> [Directions]
Every line in the records below between the one holding "Lo skyline di" and the one holding "I brunch e la", inclusive, is to be set down exactly; all other lines are to be left out.

> [Exercise inputs]
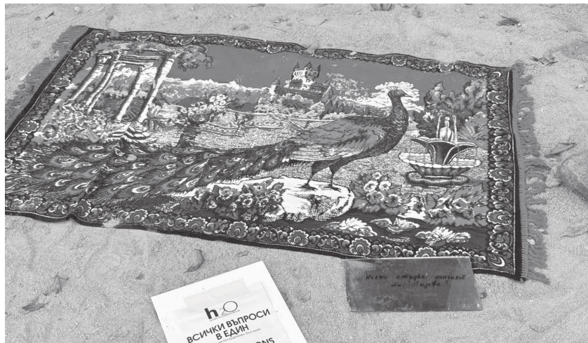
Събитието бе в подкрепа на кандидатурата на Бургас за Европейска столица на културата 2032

* * *

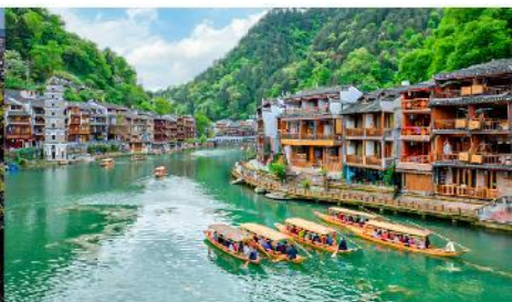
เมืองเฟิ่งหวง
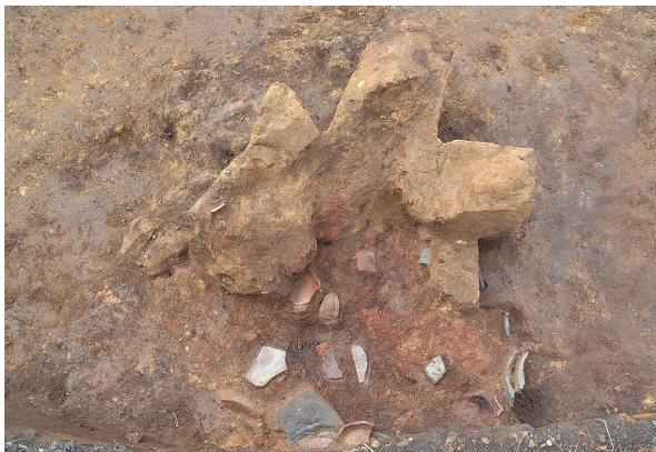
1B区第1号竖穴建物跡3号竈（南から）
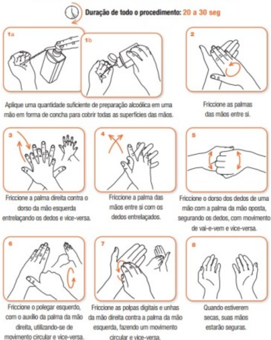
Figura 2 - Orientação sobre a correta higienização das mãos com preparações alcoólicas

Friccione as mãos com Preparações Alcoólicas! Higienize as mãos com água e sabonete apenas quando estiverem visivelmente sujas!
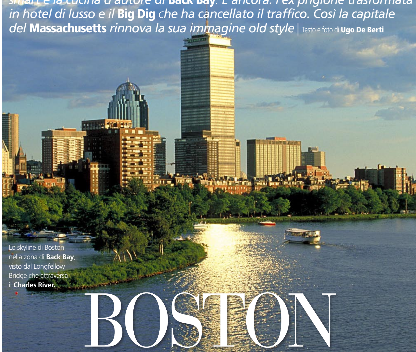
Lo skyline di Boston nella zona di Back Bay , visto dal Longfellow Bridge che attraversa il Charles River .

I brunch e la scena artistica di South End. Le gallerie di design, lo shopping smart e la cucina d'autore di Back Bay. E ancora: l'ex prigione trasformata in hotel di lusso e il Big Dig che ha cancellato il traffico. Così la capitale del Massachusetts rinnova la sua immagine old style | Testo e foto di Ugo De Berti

...

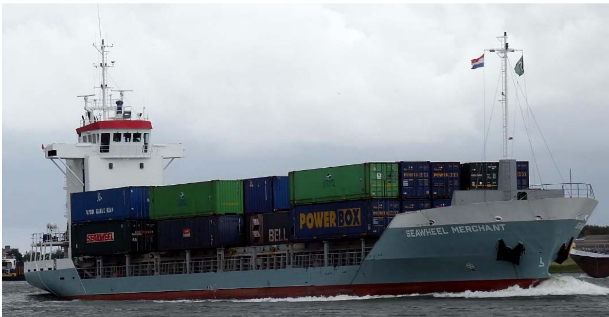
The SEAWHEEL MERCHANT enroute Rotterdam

> [Response below]
Lo skyline di Boston nella zona di Back Bay , visto dal Longfellow Bridge che attraversa il Charles River .

I brunch e la scena artistica di South End. Le gallerie di design, lo shopping smart e la cucina d'autore di Back Bay. E ancora: l'ex prigione trasformata in hotel di lusso e il Big Dig che ha cancellato il traffico. Così la capitale del Massachusetts rinnova la sua immagine old style | Testo e foto di Ugo De Berti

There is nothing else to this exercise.